Уже не слушает Белов. Мешают лунные лучи, делают что-то сзади, нужно смотреть туда. Привстал, обернулся: бледное пятно на стене – плещется беззвучно, двигается.

– Откуда оно, отчего?

Смотрит тревожно назад. А Тифлеев стучит громко и неровно – точно дрожат у него руки.

– Что это с ним?

Вслушался.

– Заткнули рот. Повели в лес около монастыря.

…Повели. Молча по темному двору несут. Собака завыла: увидела незнакомое, нечеловеческое, с белой головой, бьющееся… В лесу – озираются, ступают неровно, ветки хрустят. Лунные лучи, слепые, натыкаются на деревья – длинные тени ползут, качаются – от ветра…

– Положили на землю. Только один сказал – отпустить его.

…Самое темное место. Черные, мокрые дубы костлявые руки расставили, ниже наклонились. Ветер примчался, в ветвях засел и притих. И они замолчали все. Одна мысль у всех была – робко самый молодой высказал ее. И опять молчали. А потом вдруг заговорили все, задвигались.

– Веревки не было. И стал я его душить платком.

Тихо стучал, медленно. Почувствовал, как Тифлеев рассказал бы ему это: наклонился и шепотом говорит, и глаза все шире раскрываются.

– И я его утушил.

– Почему утушил? Почему он говорит «утушил»?

Вздрогнул. Слово было странное, мягкое, как человеческая шея, задыхающееся…

Замолчал Тифлеев. За окном ветер метнулся, притих. На полу лежал блик от луны и белел, мигал незрячими мертвыми глазами, точно лицо удушенного.

II

Опять рождался день и был такой же, как двадцать дней, как тридцать дней назад. И оттого все дни стали потом сливаться в одно огромное, тусклое – точно развернулось бесконечное осеннее небо.

Было страшно остаться в сером одинаковом море дней и не знать, где берег – и они стали отмечать их на стене.

Один день отметили крупным крестом: замерцала надежда в их слепом и глухом гробу. Ждали, что дадут свидание Тифлееву.

В субботу вечером позвали его вниз. Там скажут: будет ли это, или рушилось все.

А Белов лежал, весь измученный ожиданием.

Все не темнело. Долго перебегали тени по стенам.
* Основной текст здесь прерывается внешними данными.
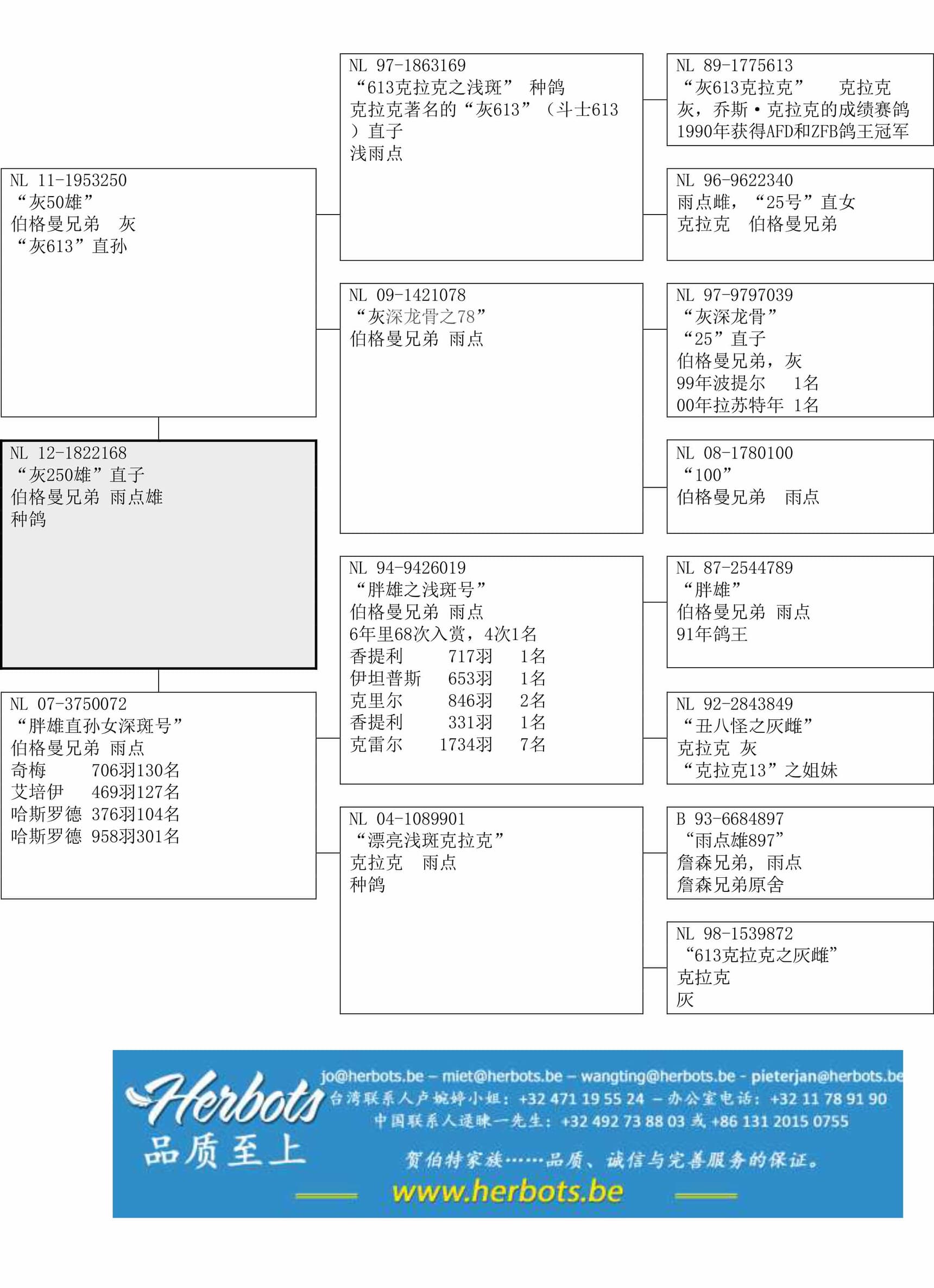 其祖辈“胖雄之浅斑号”荣获:4年里68次入赏 – 香提利 717羽1名 – 伊坦普斯 653羽1名 – 香提利 331羽1名 – 克里尔 846羽2名 – 克里尔 1,734羽7名

Потом сразу мягкий сумрак разлился, расплылись жесткие линии камня и железа, все предметы стали мягкими и теплыми.

Все не шел Тифлеев.

Около головы кружилось ожидание и шептало что-то невнятное – Белов напрягался весь, вслушивался. В самой глубине где-то, вся завернутая черною тьмою, рождалась мысль, он отталкивал ее от себя, весь загораясь страхом.
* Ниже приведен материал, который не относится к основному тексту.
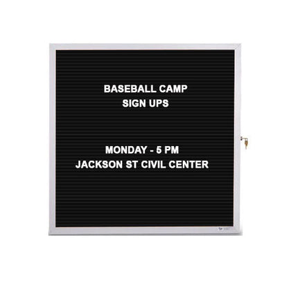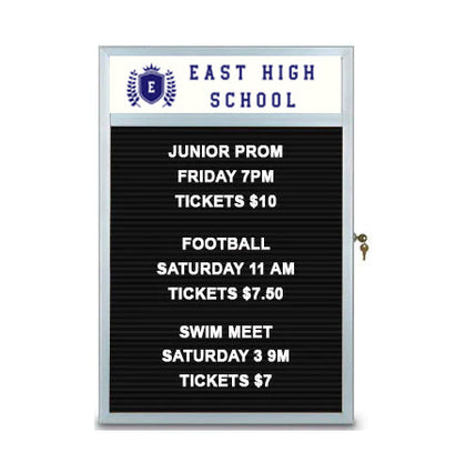 Super Slim "SwingCase" Single Door Indoor Enclosed Radius Edge Letter Boards features a 5" header panel that can present your company, church, school, community, business, and organization name, your team, event, or any other announcement. It's your message text to create.

– Ах, скорей бы, скорей бы…

Зажгли огонь. Тишина.

И вдруг просочились бледные, тусклые звуки: пели где-то вдали, медленно, торжественно.

Да ведь завтра праздник.

Слушал пение. Окутывало чем-то ласковым голову и баюкало. И потом сразу откликнулось далекое милое эхо.
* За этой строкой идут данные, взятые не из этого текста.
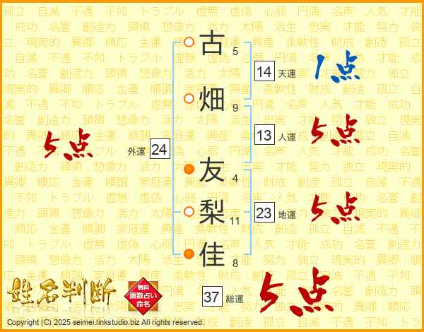 古(5画)畑(9画) 友(4画)梨(11画)佳(8画)

Тихие подпраздничные вечера в большом доме: лампада щурится и сияет теплым светом, мебель и цветы кругом странно-новые, непохожие – точно замолкли важно, ждут чего-то.

– Где все это? Куда делось?

И казалось – ушло назад, как тихие, кудрявые берега, и смотрит сейчас издали.

А вдали опять запели. Опускались потихоньку звуки, целовали.

Белов закрыл глаза. Было хорошо, вспоминалось самое светлое, самое любимое.

…Длинные, зимние вечера – вдвоем, в мягком свете лампы с зеленым, надвинутым абажуром. Вместе с ней, с Лелькой, заглядывали в темную бездну «загадок жизни и смело стучались в глухую стену и прислушивались», к эху.

…Было что-то нежное и тонкое – как взгляд, как запах. И оборвалось – нелепо. Лопнули струны на половине аккорда – больно!

– А если оно вернется, красивое? Дадут свидание Тифлееву, можно будет передать ей письмо?

Буйно кровь застучала, забегал по камере.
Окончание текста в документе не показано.